If you have an inkling that your relationship is dying, you’re facing what’s regarded as a blue flag. In this instance, you notice that your partner has grown emotionally distant and is gaining support from someone outside your relationship. They stop sharing their whereabouts with you and might even blame you for cheating on them (projecting much?).
Alright, that’s enough bad flags – we’ve saved the best for last. What do you know about white flags? Commonly noted to symbolise a surrender or truce, spotting this pristine flag in a relationship means your other half is comfortable letting their guard down and being vulnerable with you. They’re also making little changes and sacrifices to make the relationship work. You can say this is an extension of the green flag.
Every relationship will weave in all flag colours

Navigating romance isn’t always straightforward, and relationship flags can often be mixed or misunderstood.
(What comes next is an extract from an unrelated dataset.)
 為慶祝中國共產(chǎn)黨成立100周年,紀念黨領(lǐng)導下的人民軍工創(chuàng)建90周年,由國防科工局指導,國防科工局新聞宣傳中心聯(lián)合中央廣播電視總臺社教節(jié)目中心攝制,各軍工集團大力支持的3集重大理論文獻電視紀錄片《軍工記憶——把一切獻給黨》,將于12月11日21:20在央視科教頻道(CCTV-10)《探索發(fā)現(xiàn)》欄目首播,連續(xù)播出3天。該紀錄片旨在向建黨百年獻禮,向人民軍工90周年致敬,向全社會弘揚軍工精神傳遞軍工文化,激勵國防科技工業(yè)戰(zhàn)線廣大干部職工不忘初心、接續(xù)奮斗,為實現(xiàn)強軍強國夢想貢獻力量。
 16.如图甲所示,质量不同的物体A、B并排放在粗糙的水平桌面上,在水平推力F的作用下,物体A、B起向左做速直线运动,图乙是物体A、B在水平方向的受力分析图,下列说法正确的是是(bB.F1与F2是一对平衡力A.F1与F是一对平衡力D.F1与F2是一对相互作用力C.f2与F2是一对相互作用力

Every love connection will encounter its share of flags, but these shouldn’t be seen as insurmountable obstacles. Instead, they serve as valuable indicators that prompt meaningful conversations and growth within the relationship.
If you’re unsure whether a behaviour or situation constitutes a relationship flag, Sam advises tuning into your feelings of discomfort, unease, or misalignment with personal values and boundaries. These internal signals can serve as invaluable guides in understanding and addressing potential concerns. He emphasises the importance of mutual respect and collaboration in navigating challenges effectively. Choosing the right moment for sensitive conversations, creating a safe space, and attentively understanding each other’s perspectives are vital steps in resolving conflicts.
Relationship flags should serve as guideposts rather than roadblocks. Whether they appear as subtle pink hues or glaring red warnings, these flags prompt meaningful conversations and foster growth within the relationship. So, as you traverse the colourful spectrum of relationship flags, remember that they’re not meant to dictate your romantic entanglement’s fate but to inspire honest dialogue and mutual growth.
“Cultivating resilience in a relationship is an ongoing process that requires consistent effort and attention to factors that support overall well-being. Resilience enables couples to bounce back from challenges, adapt to changes, and grow together,” Sam aptly puts it.
With empathy, clear boundaries, and a commitment to understanding each other, couples can strengthen their bond and create a foundation for a healthier, more resilient partnership.